Introduced in: v3.6.5, v3.7.1

Type: double

The lock timeout (in seconds) in case of parallel access to the same Stream Transaction.

Default: 8

TTL

--ttl.frequency

Type: uint64

The frequency (in milliseconds) for the TTL background thread invocation (0 = turn the TTL background thread off entirely).

Default: 30000

Show details…

The lower this value, the more frequently the TTL background thread kicks in and scans all available TTL indexes for expired documents, and the earlier the expired documents are actually removed.


--ttl.max-collection-removes

Type: uint64

The maximum number of documents to remove per collection in each invocation of the TTL thread.

Default: 1000000

Show details…

You can configure this value separately from the total removal amount so that the per-collection time window for locking and potential write-write conflicts can be reduced.


--ttl.max-total-removes

Type: uint64

The maximum number of documents to remove per invocation of the TTL thread.

Default: 1000000

Show details…

In order to avoid “random” load spikes by the background thread suddenly kicking in and removing a lot of documents at once, you can cap the number of to-be-removed documents per thread invocation.

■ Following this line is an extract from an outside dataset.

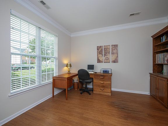 Just bring your suitcase & move right in. Fresh neutral paint thu-out interior. Beautiful bamboo wood floors on main level & brand new carpeting upstairs. Dramatic two story foyer full of natural light. Private study with french doors. Formal dining room has bay window & trey ceiling. Open great room/kitchen layout with gas fireplace. Big eat-in kitchen with upgraded 42” cabinets, new SS microwave, & tons of counterspace. Master suite features high, vaulted ceilings, dual vanity sinks, garden tub, & walk-in closet. Unbelievable media room with black-out shade, full surround wiring, projector ready, & custom movie theater style seating. Almost entire house is wired for surround sound & has included in-ceiling speakers in several rooms. Rear sunroom looks out to private backyard surrounded by mature trees. Sought after community with awesome amenities including pool, tennis, playground, & more. Just minutes to now complete I-485.

The TTL background thread goes back to sleep once it has removed the configured number of documents in one iteration. If more candidate documents are left for removal, they are removed in subsequent runs of the background thread.

Web Interface

--web-interface.proxy-request-check

Type: boolean

Enable proxy request checking.

This option can be specified without a value to enable it.

Default: true

Effective on Coordinators and Single Servers only.


--web-interface.trusted-proxy

Type: string…

The list of proxies to trust (can be IP or network). Make sure --web-interface.proxy-request-check is enabled.

Default: []

Effective on Coordinators and Single Servers only.


--web-interface.version-check

Type: boolean

Alert the user if new versions are available.

This option can be specified without a value to enable it.

Default: true

Effective on Coordinators and Single Servers only.